## WORK TO COMPLETE
Using "союзу" as the search string, find the matching lines below and copy them.

*** Opening of RECORDS FOR PROCESSING ***

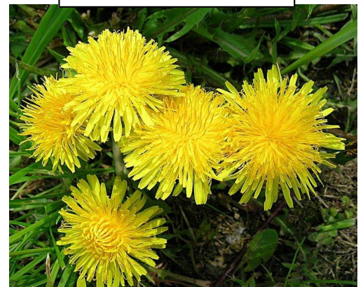
Löwenzahn Taraxacum officinalis
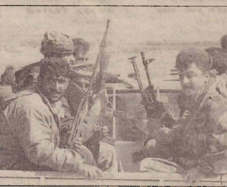
வட ஈராக்கில் குர்திஷ் இன மக்களின் கிரகுகப் பகுதியிலிருந்து ஈராக் படைகள் வெளியேறிய பின் அய்யகுதிக்குச் செல்லும் குர்திஷ் போராளிகள்.
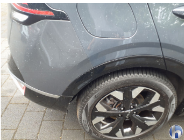
1. Seitenwand - Hinten - Rechts Kratzer - Smart Repair
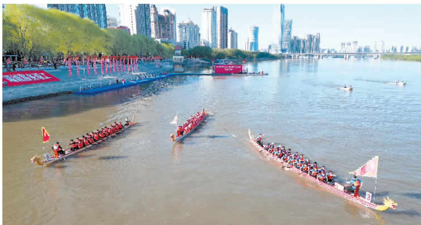
一声令下三艘龙舟冲出发点。

经过激烈角逐,哈尔滨电机厂有限责任公司代表队夺得冠军,东北轻合金有限责任公司代表队获得亚军,黑龙江隆安物业集团有限公司代表队获得第三名。哈尔滨工业大学、张亮企业管理(集团)有限公司等8个单位获优秀组织奖。
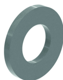
Rondelle (DIN 125-1 A) I6RO
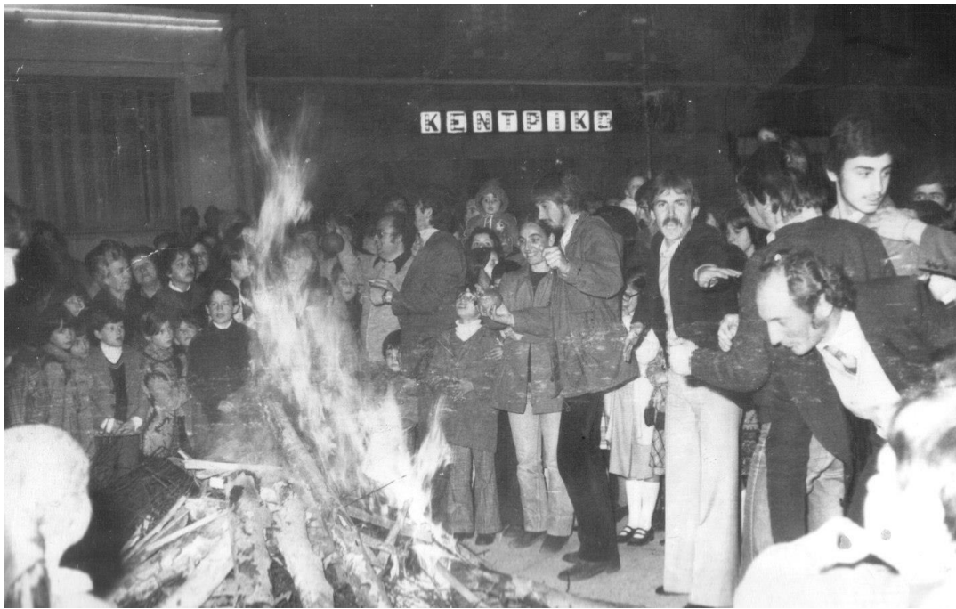
Εικόνα 8: Οικογενειακό τζιμπούσι στο Βελβεντό
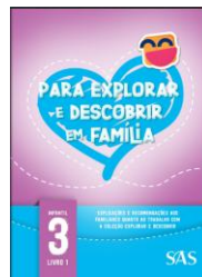
LIVRO DA FAMÍLIA – SAS - ANUAL
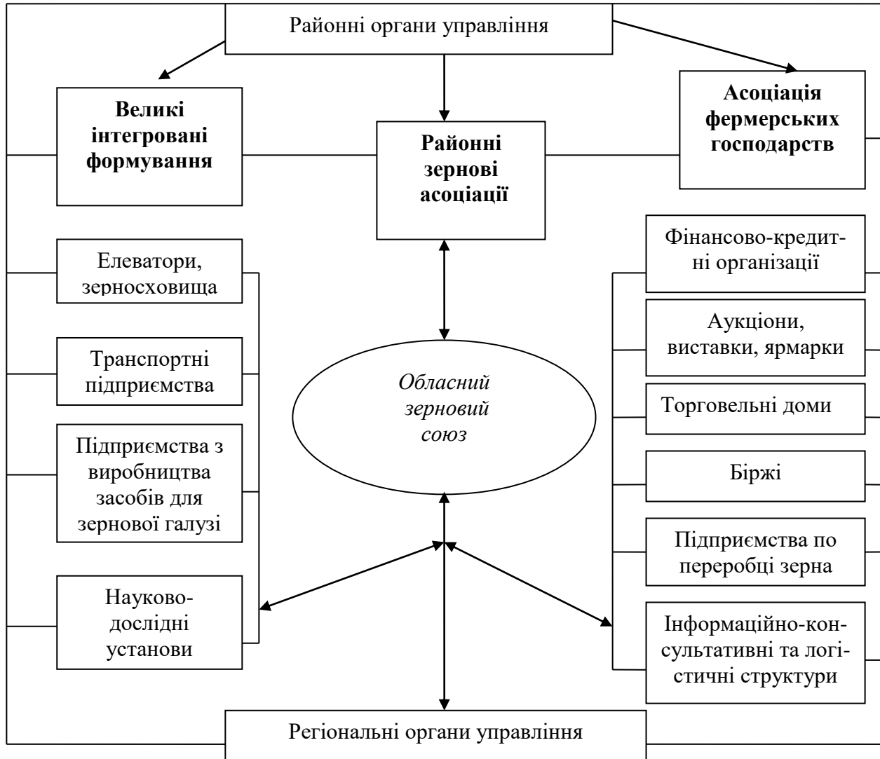
Рис. 3. Структура зернового союзу на регіональному рівні

та сприятимуть їх виходу на зовнішній ринок. На рисунку 3 подано схему організації зернового союзу на рівні Київського регіону.
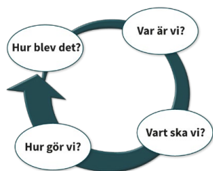
Figur 1 Kvalitetscirkel med texten: Hur blev det? Var är vi? Vart ska vi? Hur gör vi?

Förskolans utbildning och undervisning utgår alltid från målen i förskolans läroplan, det krävs engagerade och kompetenta lärare för att barnen ska lära och utvecklas utifrån dessa. För att få ett fungerande systematiskt kvalitetsarbete utgår vi från nuläge till förväntat läge utifrån nedanstående modell

*** Close of RECORDS FOR PROCESSING ***

## OUTPUT FOR THIS TASK
Рис. 3. Структура зернового союзу на регіональному рівні
та сприятимуть їх виходу на зовнішній ринок. На рисунку 3 подано схему організації зернового союзу на рівні Київського регіону.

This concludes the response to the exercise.